Objectives: Macrophages are key orchestrators of the osteoarthritis (OA)-associated inflammatory response. Macrophage phenotype is dependent on environmental cues like the inflammatory factor S100A8/A9. Here, we investigated how S100A9 exposure during monocyte-to-macrophage differentiation affects macrophage phenotype and function.

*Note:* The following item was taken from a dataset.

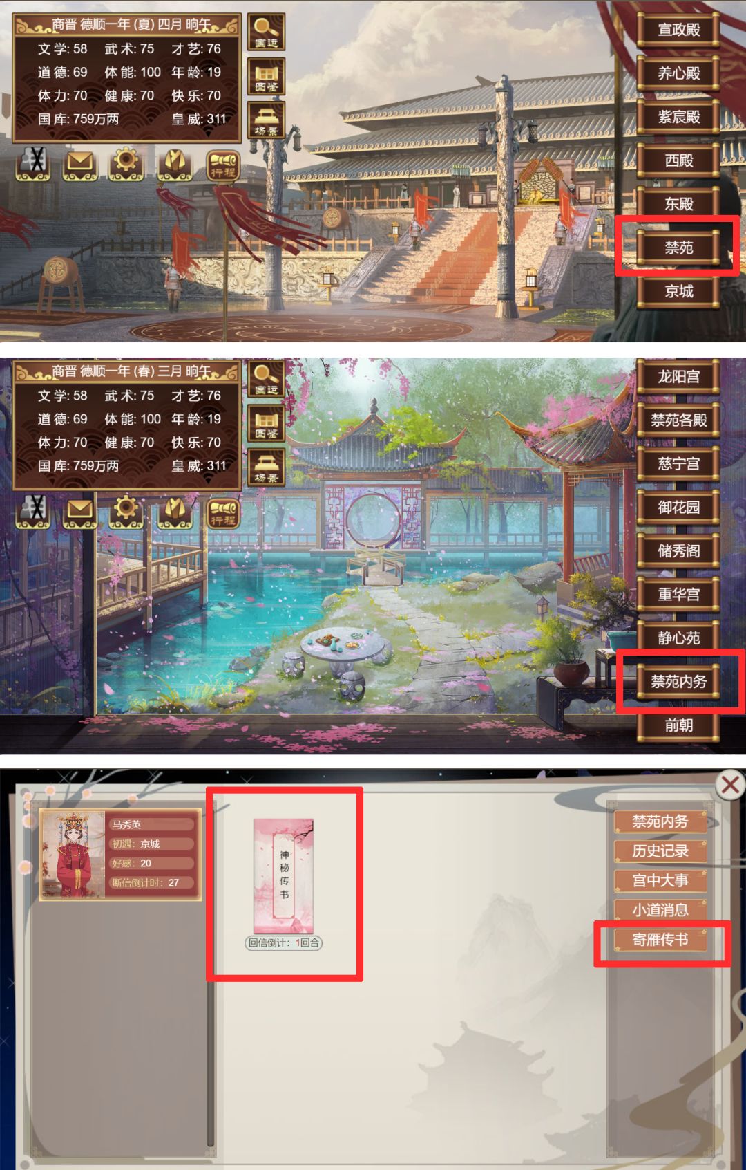 3.第三封信较为关键,看完后记得在【下个月】前往【云湖渡】

Methods: OA synovium cellular composition was determined using flow cytometry and multiplex immunohistochemistry. Healthy donor monocytes were differentiated towards M1- and M2-like macrophages in the presence of S100A9. Macrophage markers were measured using flow cytometry, and phagocytic activity was determined using pHrodo Red Zymosan A BioParticles. Gene expression was determined using qPCR. Protein secretion was measured using Luminex multianalyte analysis and ELISA.

Results: Macrophages were the dominant leucocyte subpopulation in OA synovium. They mainly presented with an M2-like phenotype, although the majority also expressed M1-like macrophage markers. Long-term exposure to S100A9 during monocyte-to-macrophage differentiation increased M2-like macrophage markers CD163 and CD206 in M1-like and M2-like differentiated cells. In addition, M1-like macrophage markers were increased in M1-like, but decreased in M2-like differentiated macrophages. In agreement with this mixed phenotype, S100A9 stimulation modestly increased expression and secretion of pro-inflammatory markers and catabolic enzymes, but also increased expression and secretion of anti-inflammatory/anabolic markers. In accordance with the upregulation of M2-like macrophage markers, S100A9 increased phagocytic activity. Finally, we indeed observed a strong association between S100A8 and S100A9 expression and the M2-like/M1-like macrophage ratio in end-stage OA synovium.

Conclusion: Chronic S100A8/A9 exposure during monocyte-to-macrophage differentiation favours differentiation towards an M2-like macrophage phenotype. The properties of these cells could help explain the catabolic/anabolic dualism in established OA joints with low-grade inflammation.